▶ _Exercise data_
────────────────────

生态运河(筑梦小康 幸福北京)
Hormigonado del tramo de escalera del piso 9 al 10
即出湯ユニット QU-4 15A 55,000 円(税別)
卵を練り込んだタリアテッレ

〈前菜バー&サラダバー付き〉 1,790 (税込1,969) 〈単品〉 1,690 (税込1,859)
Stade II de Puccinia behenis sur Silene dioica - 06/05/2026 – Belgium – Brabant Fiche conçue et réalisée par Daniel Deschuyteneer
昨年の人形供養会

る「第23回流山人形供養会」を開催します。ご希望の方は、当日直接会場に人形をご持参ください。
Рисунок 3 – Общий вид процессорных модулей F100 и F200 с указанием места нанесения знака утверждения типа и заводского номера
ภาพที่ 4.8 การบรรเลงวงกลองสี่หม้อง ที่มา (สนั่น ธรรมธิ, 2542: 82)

────────────────────

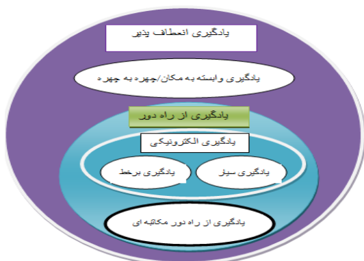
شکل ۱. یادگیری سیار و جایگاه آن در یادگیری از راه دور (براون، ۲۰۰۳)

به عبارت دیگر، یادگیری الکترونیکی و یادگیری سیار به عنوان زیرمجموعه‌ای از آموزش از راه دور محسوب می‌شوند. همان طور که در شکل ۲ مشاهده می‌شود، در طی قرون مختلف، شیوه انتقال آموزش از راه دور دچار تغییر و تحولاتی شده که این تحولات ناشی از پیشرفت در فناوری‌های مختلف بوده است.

────────────────────

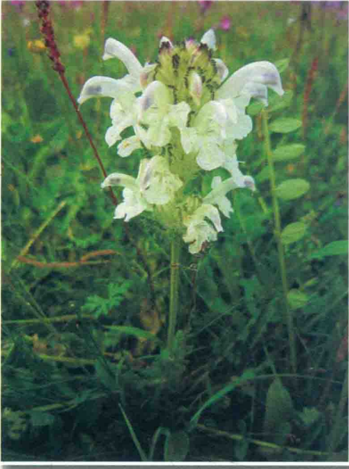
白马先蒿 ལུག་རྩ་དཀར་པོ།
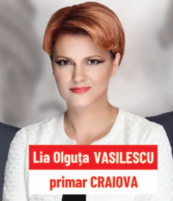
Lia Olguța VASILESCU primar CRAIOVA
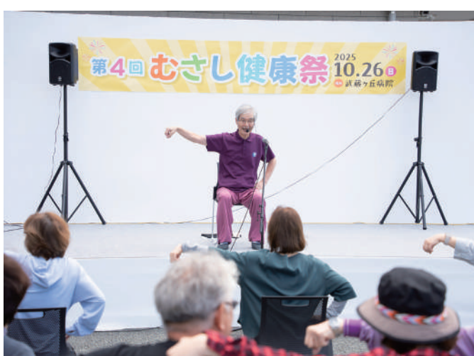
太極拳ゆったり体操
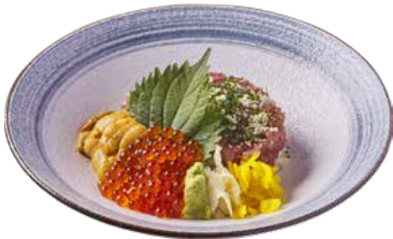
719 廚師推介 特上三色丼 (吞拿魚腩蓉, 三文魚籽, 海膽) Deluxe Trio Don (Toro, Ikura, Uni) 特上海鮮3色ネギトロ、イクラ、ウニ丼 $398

────────────────────

▶ _Goal of the exercise_
Using the data above, output the line that has "Lia Olguța VASILESCU primar CRAIOVA", the line that has "719 廚師推介 特上三色丼", and whatever lines fall between, each exactly as it stands and without pictures.

▶ _Solution_
Lia Olguța VASILESCU primar CRAIOVA
太極拳ゆったり体操
719 廚師推介 特上三色丼 (吞拿魚腩蓉, 三文魚籽, 海膽) Deluxe Trio Don (Toro, Ikura, Uni) 特上海鮮3色ネギトロ、イクラ、ウニ丼 $398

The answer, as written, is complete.